В остальном все было по-прежнему: на него равнодушно смотрели сплоченные ряды пузырьков.
Филип отпрянул, ошеломленный. Он постарался убедить себя, что все это было случайностью – ну, пусть не случайностью, его ножик не мог оказаться там случайно, как и вата, – но, может быть, кто-то копался в аптечке без всякой задней мысли, возможно, пытаясь достать пузырек (среди прислуги встречаются и такие, кто не считает за воровство взять лекарство из запасов нанимателя), и в результате возникла эта странная, сюрреалистичная композиция. Ему захотелось позвать миссис Уивер и предъявить ей следы преступления, но как он мог быть уверен в ее вине? Что, если это домработница?

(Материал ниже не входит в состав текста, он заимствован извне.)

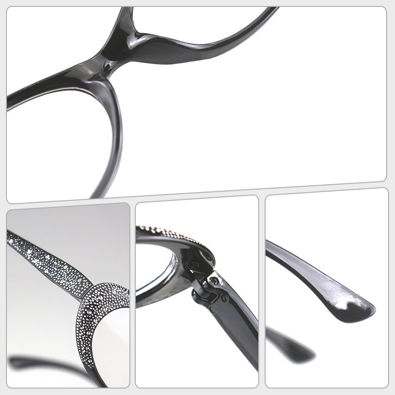 DIVATOS MACSKASZEM DESIGN: A karcsĂș, macskaszemƱ kereten elegĂĄns strasszköves bĂĄjjal ellĂĄtott szemĂŒveg egy csipetnyi csillogĂĄst kölcsönöz megjelenĂ©sĂ©nek, miközben alapvetĆ szemvĂ©delmet nyĂșjt munka vagy olvasĂĄs közben.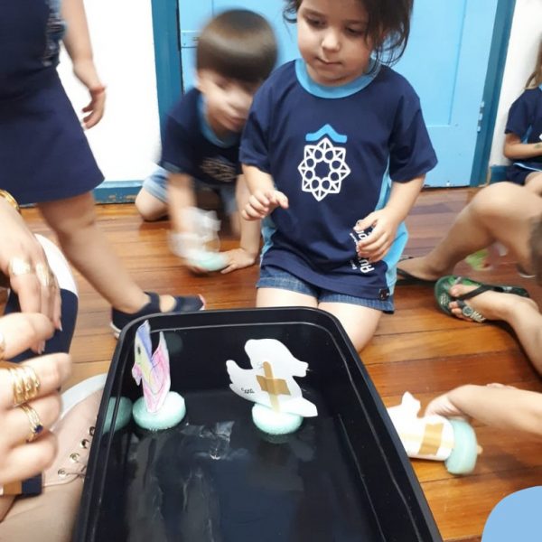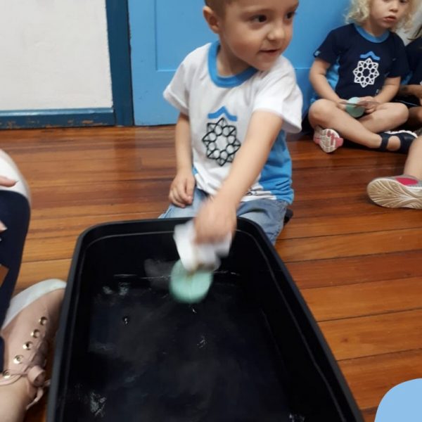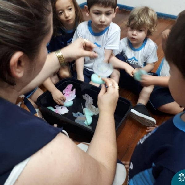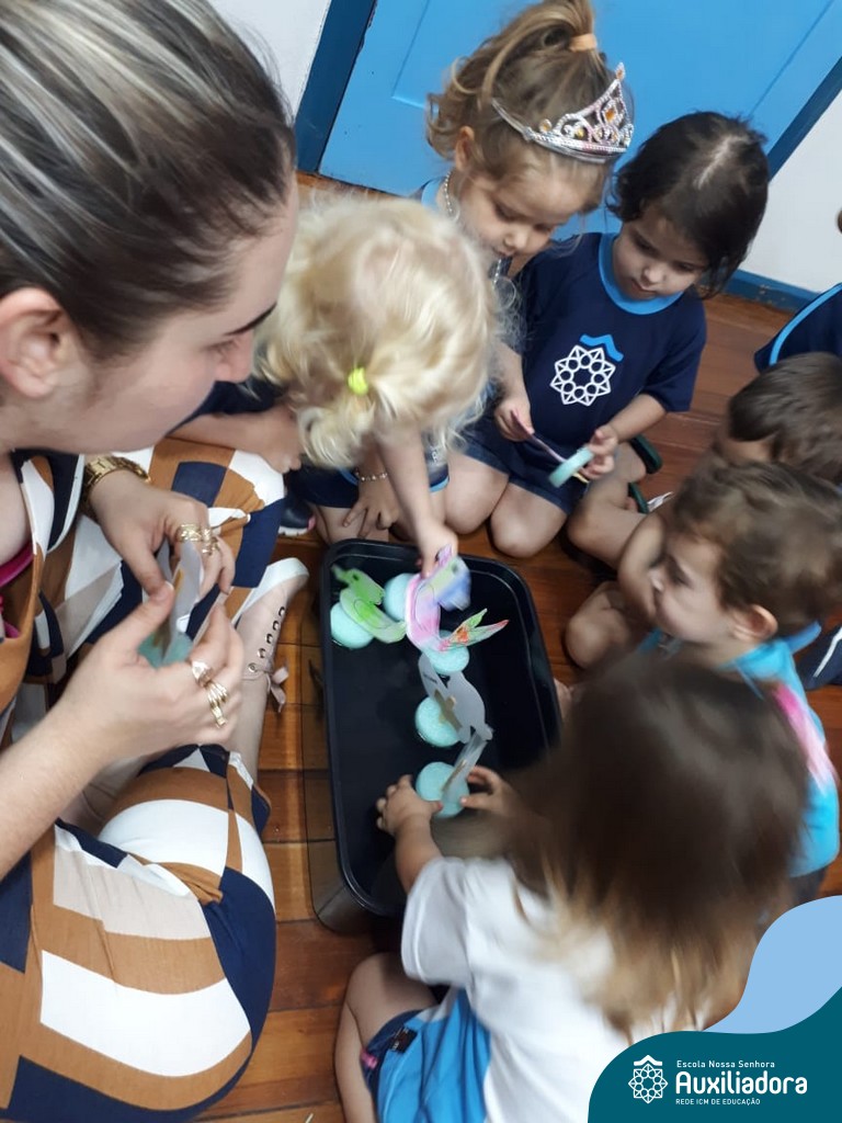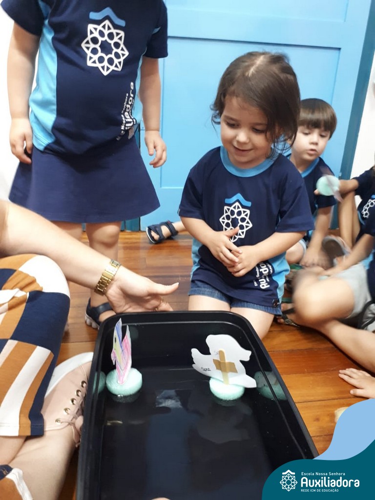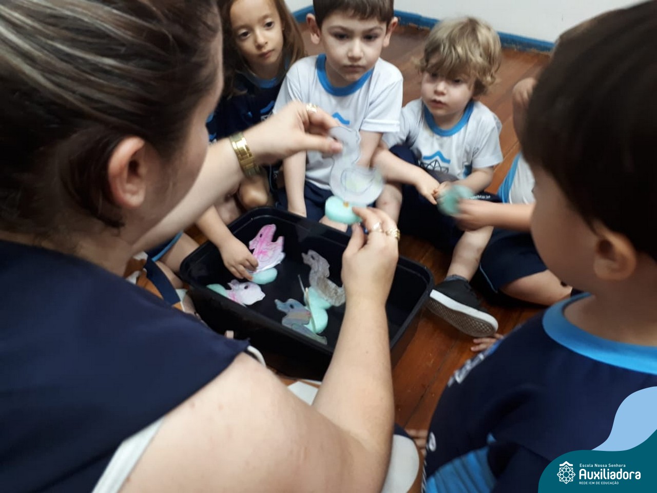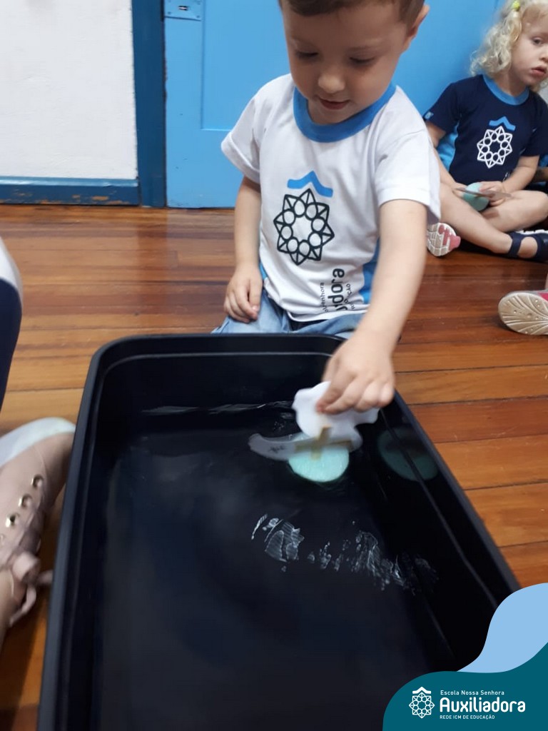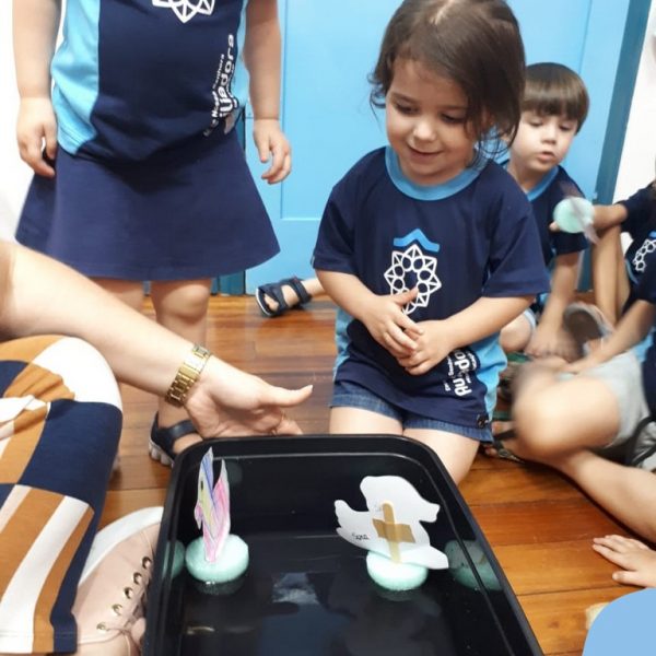 A turma do Maternal 1 B da Profe Jaque trabalhou os animais da Fazenda. A atividade que mais fez a alegria das crianças foi a do patinho flutuando na água, atividade sensorial que desenvolve a imaginação do aluno.

Он чувствовал, что не сможет заснуть, пока в комнате находится такое. Эта сцена не была застывшей, в ней ощущалось движение, воля, создавшая ее, продолжала действовать. Филип пожалел, что дверь его спальни не запиралась на ключ. Ему захотелось перебраться в другую комнату, но что, если другие постели еще не проветрены? Уж лучше эта чертовщина в тумбе, чем сырая постель. Но теперь ему понадобится что-то покрепче брома – одна из этих красных капсул из склянки, что как будто глядела со злорадством на этот… ну да, на этот труп. Преодолев неприязнь, Филип осторожно извлек склянку из общего строя и вытряхнул на ладонь сразу две капсулы.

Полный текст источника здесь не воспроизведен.